Secondly, viewed from a more social science point of view, some important tools for actor analysis are lacking within the setting. There are many ingredients (such as the agents mind maps, attitudes, expectations, etc.), which researchers or students may use for an actor analysis, but some important methods are missing. Imagine a democratically legitimized group searching for a balancing of interests on a specific topic. Although democracy cannot prevent decision‐making biases based on stakeholder interests, the agents do have more or less well‐defined means such as pressure, public opinion, etc. in order to search for optimized proposals. Democracy has demonstrated to be relatively successful in weighting interests. Now imagine a stakeholder group as part of a case study team. The challenge within this setting is whether the agents will necessarily act the same way within such a case study situation as they would within a real decision making situation. Yes, it may be the case. But, based on what is known as attitude‐acting‐gap, actors within a case study team may abstract from their normal institutional surroundings, i.e. from their normal institutional restrictions. They may act unrealistically. Accordingly, it may be potentially misleading for students to claim that such transdisciplinary case studies (projects) allow per se minimising interest biases by its very setting.

The social sciences know a number of instruments such as qualitative interviews, discourse analysis or structural analysis of social interactions to cope with the sketched potential gap. How they can become integrated in the setting is an open question. Renn (2002) points to other tools from the social sciences to become potentially integrated in modelling and in scenario technique as well. He mentions the consideration of social reaction patterns, the back‐casting variation of scenarios, the analysis of organisational structures and research on participation and governance. Again, I have to concede that we still have to consider on how to integrate these tools from the social science into the specific teaching setting of an embedded case study.

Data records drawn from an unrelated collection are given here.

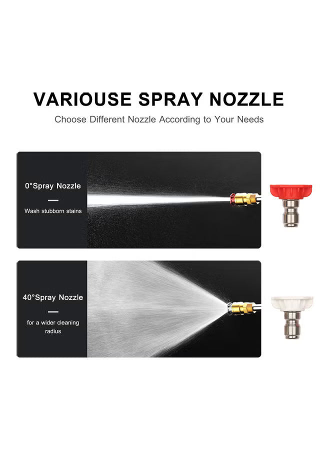 - RICH PRESSURE NOZZLE -- Come with a 0°nozzle for long and powerful rinse or garden watering, and a 40°nozzle for wide range car suface washing, quick and effortless car cleaning.
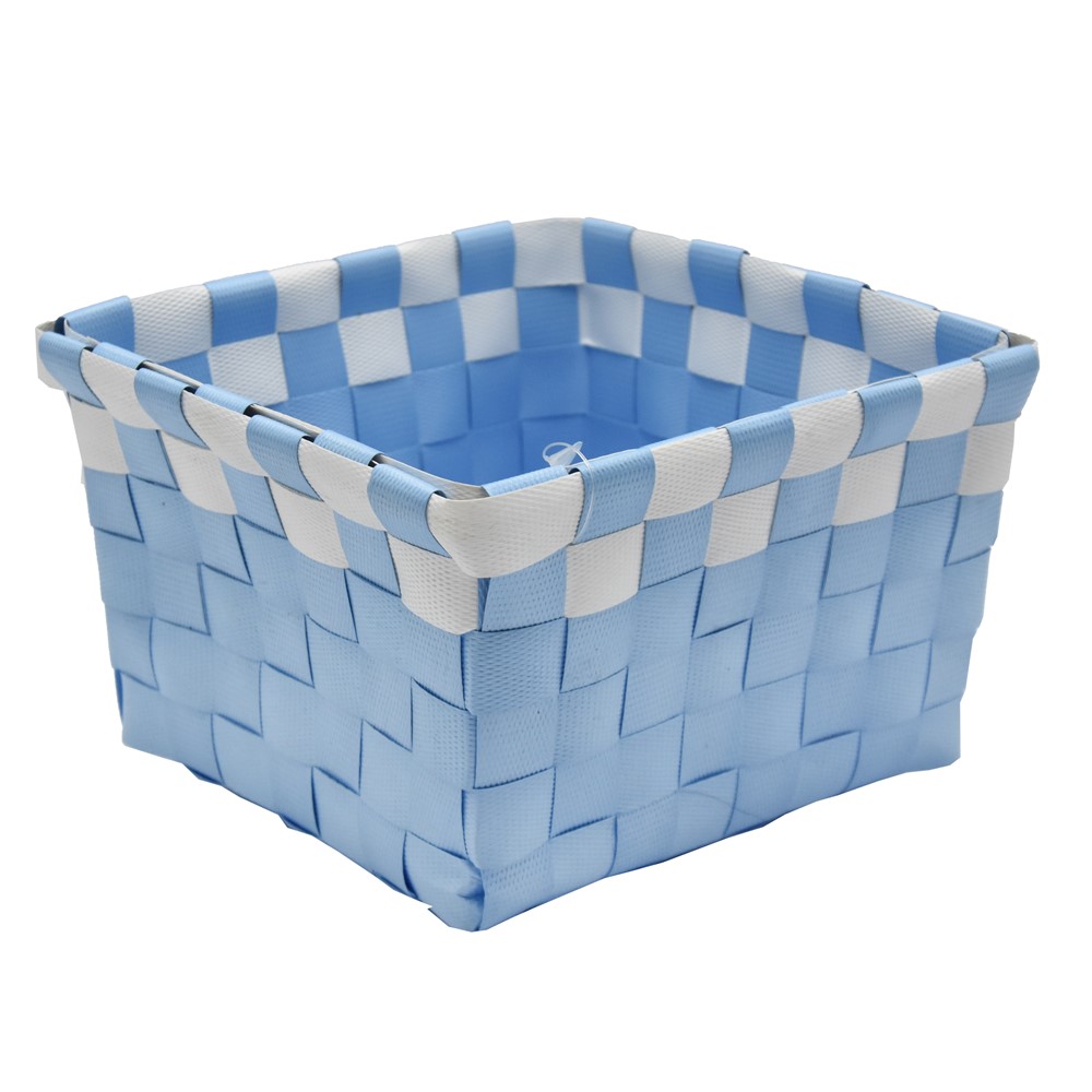 Storage basket, wicker, blue/white, 14x14xH9 cm
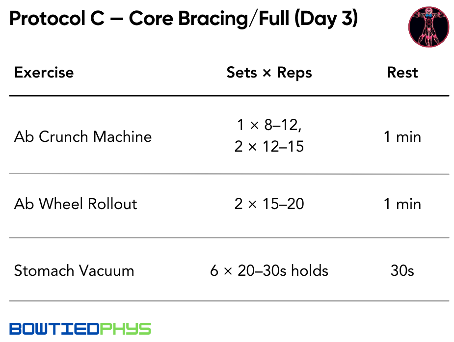 Targets the transverse abdominis — the deep stabilizer that cinches your waist tight. Golden-era bodybuilders swore by this for a narrow, controlled midsection.
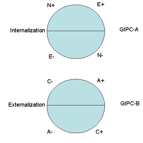In recent years, a consensus has been building on the structure of personality traits. It appears that five broad dimensions--extraversion, agreeableness, conscientiousness, neuroticism, and openness to experience--are necessary to describe personality across many cultures (e.g., Digman, 1990; Goldberg, 1993; McCrae & Costa, 1997; Wiggins, 1996). In addition, recent studies have converged on a common structure of psychological disorders. It appears that two broad dimensions, internalization (feeling bad) and externalization (making others feel bad), are necessary to describe psychopathology in many large-scale epidemiological and treatment-seeking samples in multiple cultures (e.g., Acton, 2003; Acton, Kunz, Wilson, & Hall, 2005; Bienvenu et al., 2004; Burt, Krueger, McGue, & Iacono, 2001, 2003; Cooper, Wood, Orcutt, & Albino, 2003; Hicks, Krueger, Iacono, McGue, & Patrick, 2004; Hudson et al., 2003; Hudson & Pope, 1990; Iacono, Carlson, Malone, & McGue, 2002; Kendler, Neale, Kessler, Heath, & Eaves, 1992a, 1992b; Kendler, Prescott, Myers, & Neale, 2003; Kendler et al., 1995; Krueger, 1999; Krueger, Caspi, Moffitt, & Silva, 1998; Krueger, Chentsova-Dutton, Markon, Goldberg, & Ormel, 2003; Krueger et al., 2002; Krueger & Finger, 2001; Lahey et al., 2004; Nestadt et al., 2001; Vollebergh et al., 2001). In order to provide a framework for understanding these robust findings, the GIPT draws upon several theoretical traditions. Chief among these is the interpersonal theory of personality (e.g., Acton & Revelle, 2002, 2004; Carson, 1969; Kiesler, 1983; Leary, 1957; Wiggins, 1979). The GIPT expands and reformulates key elements of classical interpersonal theory while preserving other important elements.For example, the GIPT expands the definition of what is considered interpersonal. Formerly, only the traits of extraversion and agreeableness were included in the interpersonal circle (McCrae & Costa, 1989). The GIPT includes a structural model with an extraversion-neuroticism circle of temperament (the Generalized Interpersonal Circumplex A, GIPC-A) and an agreeableness-conscientiousness circle of character (the Generalized Interpersonal Circumplex B, GIPC-B) (Figure 1) (cf. Hofstee, de Raad, & Goldberg, 1992). This structural model comprises a construct map (Wilson, 2005) for the interpersonal domain. Because openness is more cognitive in nature and does not appear to have direct affective consequences (Watson, 2000), because it is the least consistently found cross-culturally of the Big Five (De Raad, Perugini, Hrebickova, & Szarota, 1998; Saucier & Goldberg, 2001), and because it appears to have limited relevance to psychopathology (O'Connor & Dyce, 1998; Widiger, 1993), it is not included in the structural model.

Notwithstanding the sketched problems, Scholz and Tietje gave the scientific community interested in teaching sustainability together with a transdisciplinary approach an important, powerful tool for project courses. Are there any alternatives on the market? Imagine you get the task and the money to accompany a local agenda 21‐process scientifically. You intend to involve your students. What options do you have? Your students will be in need to model the system in question. They will probably not develop scenarios because the local people engaged in the LA21 will already have them constructed. However, they will look for assessment tools in order to evaluate the scenarios. They will also cooperate with the local people. It may be the case that the management setting will be different from the one preferred by Scholz and Tietje. But most of the tools presented within the book are quite appropriate even in what seems to be quite a different situation.

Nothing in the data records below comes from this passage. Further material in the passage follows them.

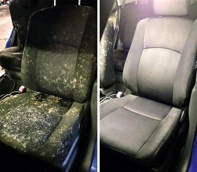 ก่อนและหลังการทำความสะอาดเบาะรถ
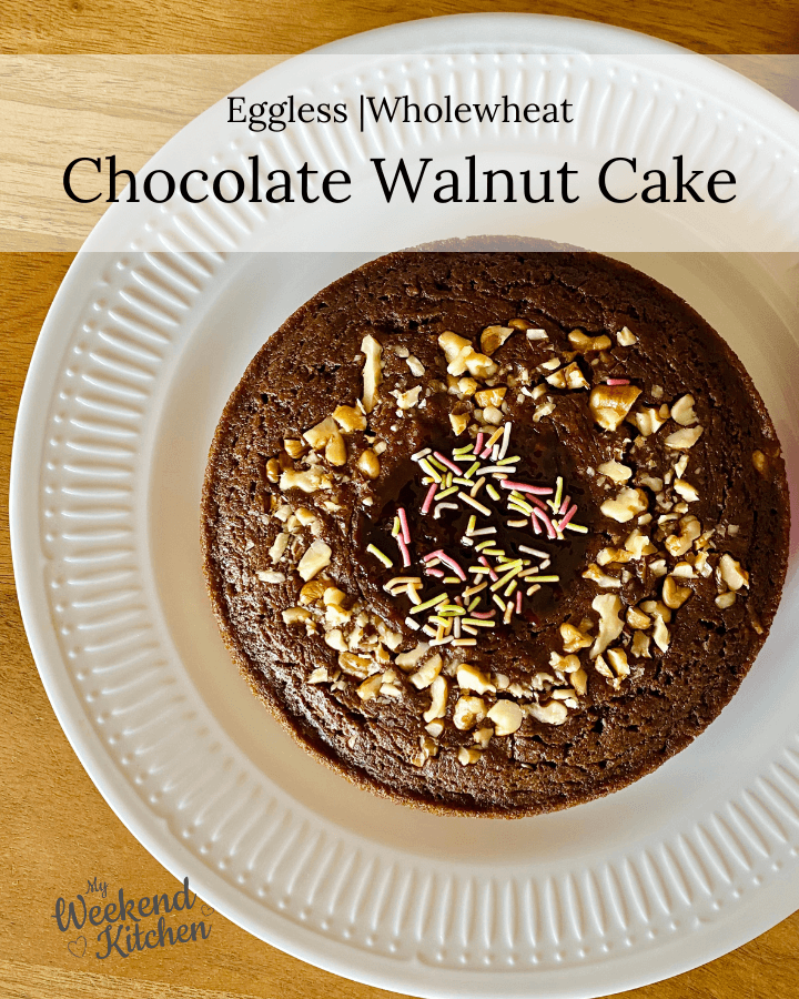 This eggless chocolate walnut cake is made with wholewheat flour, cocoa powder and lots and lots of love for a very special person!
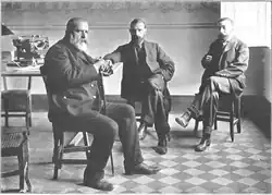 In 1906 Junyent represented Traditionalists in talks with other Catalan political groupings when mounting a common front against Ley de Jurisdicciones, a newly adopted regulation which placed perceived offences against the army and state under the military jurisdiction; in Catalonia it was widely perceived as assault on the region and its identity.[49] He emerged as one of the leaders of the movement, and together with Francesc Cambó Junyent was entrusted with a mission of travelling to Madrid and coordinating action with dissenting parliamentarians.[50] Later that year the Catalan opposition took shape of Solidaritat Catalana, a block of local parties opposed to the Ley; within his party Junyent was lobbying for taking part in the coalition[51] and was the only Carlist who signed the document which founded the alliance.[52] Together with Cambó and José Roca y Roca he also entered the informal triumvirate which ran Solidaritat[53] and entered its Comité Executiu, later together with Solferino co-signing on part of the Carlists.[54]
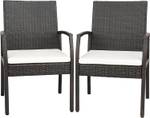 Hoogwaardig PE-rotan: deze 2-delige stoelset beschikt over handgeweven bruin PE-rotan, dat er niet alleen mooi uitziet, maar ook bestand is tegen vervagen en duurzaamheid. De rotanstoelen zijn daarom ideaal voor langdurig gebruik buitenshuis. Opmerking: vermijd blootstelling aan regen voor een langere levensduur.
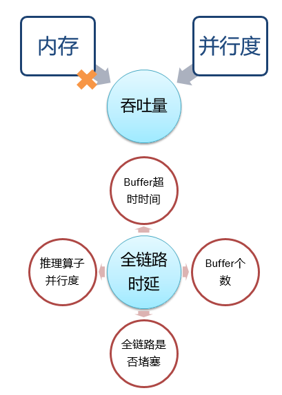 Buffer 超时越短、个数越少、时延越低。 整个链路是否有算子堵塞(车道排队模型)。 调大推理算子并行度,时延降低,吞吐升高(即增加了推理的处理能力)。
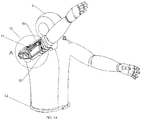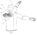 - the harness 12 may include a shoulder bracket and/or frame with a fixed end disposed above or adjacent to the user's shoulder to which other components of the system 10 may be coupled, e.g., to provide the arm support 14, which pivots about one or more axes relative to the shoulder bracket, similar to the systems in these publications.
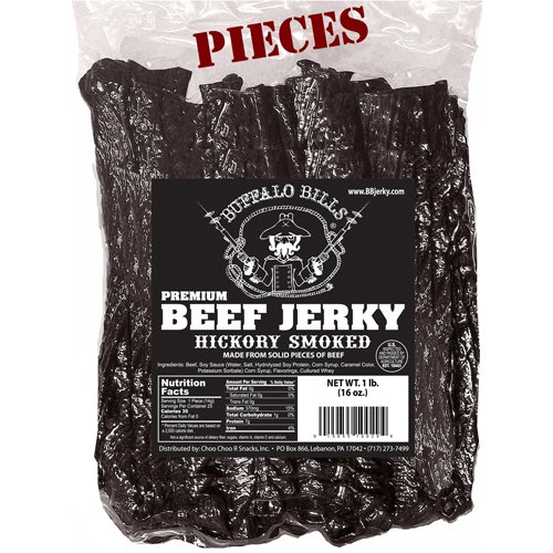 - 16oz of our classic Buffalo Bills Premium Hickory Beef Jerky in random size pieces

In other words: there are no real substantial alternatives on the market. Given the goals I mentioned at the beginning, the book represents the state of the art. I take it to be a challenge, however, how the tool, especially the scenario analysis, can become adapted to or enriched by tools from the social sciences and hope that colleagues from theses disciplines will also pick up that challenge.

References

Duch, B.J., Groh, S.E. and Allen, D.E. (Eds) (2001), The Power of Problem‐based Learning, Stylus Publishing LLC, Sterling, VA.

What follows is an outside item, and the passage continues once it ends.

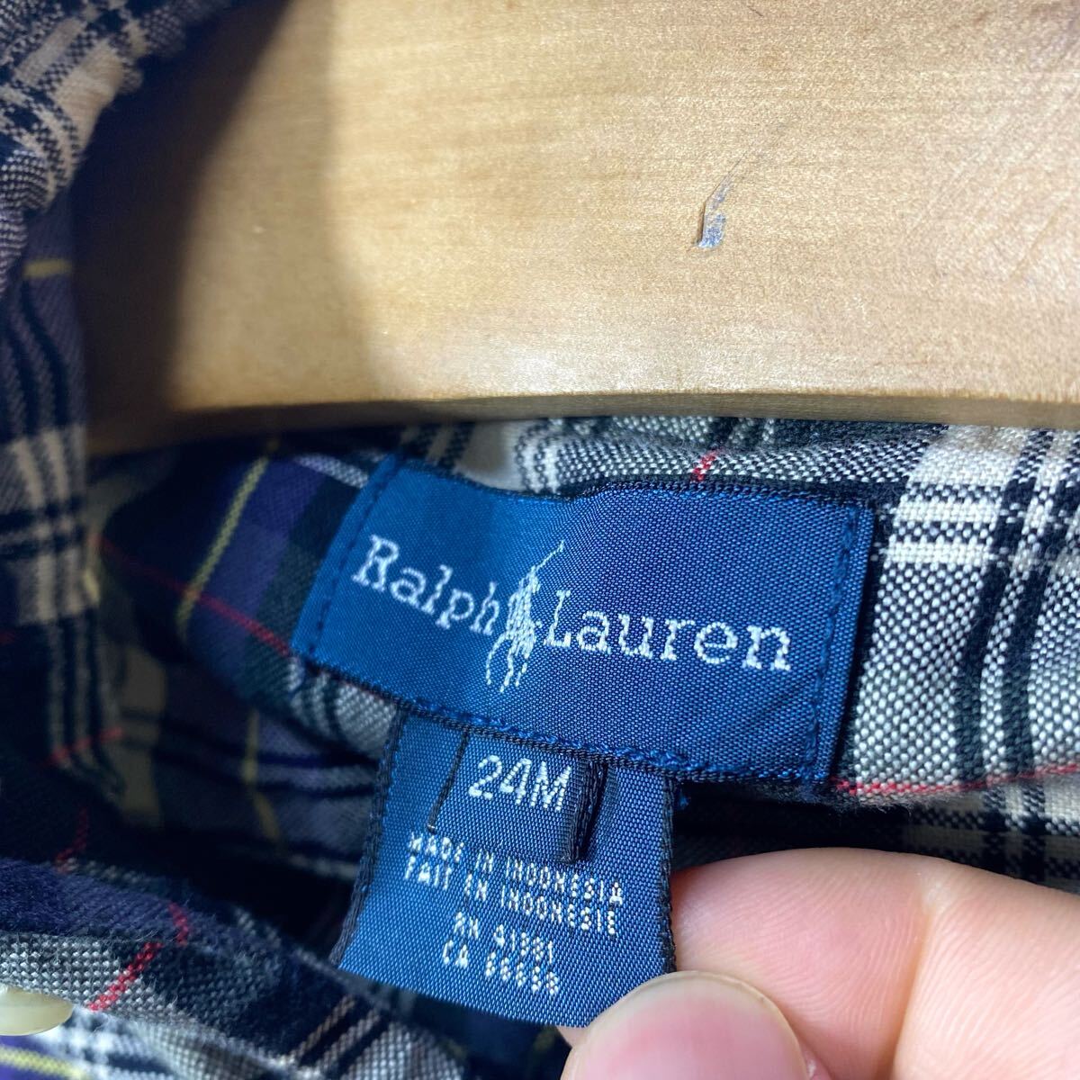 ■ 子供用 ビンテージ Ralph Lauren ラルフローレン 刺繍ロゴ ポニー チェック柄 長袖 ボタンダウン シャツ 24M アメカジ トラッド ■
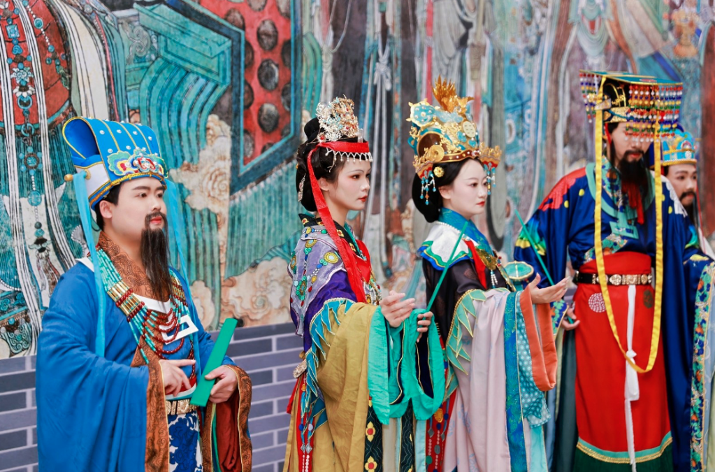 山西壁画展区同样引人入胜。泥板岩彩壁画临摹作品,精准还原古法艺术的细腻质感,展示了不同朝代在壁画艺术上的风格和笔法。整墙永乐宫《朝元图》及开化寺壁画落地条幅,成为路人驻足打卡的热点。

Frey, K. and Frey‐Eiling, A. (1993), Zürich, Allgemeine Didaktik. 6. Auflage, Verlag der Fachvereine an den schweizerischen Hochschulen und Techniken.

Grunwald, A. and Lingner, St. (2002), “Nachhaltigkeit und integrative Modellierung”, in Gethmann, C.F. and Lingner, S. (Eds), Intergrative Modellierung zum Globalen Wandel, Springer, Berlin, pp. 71106.

Renn, O. (2002), “Die Rolle der Sozialwissenschaften für die globale Umweltforschung”, in Gethmann, C.F. and Lingner, S. (Eds), Intergrative Modellierung zum Globalen Wandel, Springer, Berlin, pp. 5367.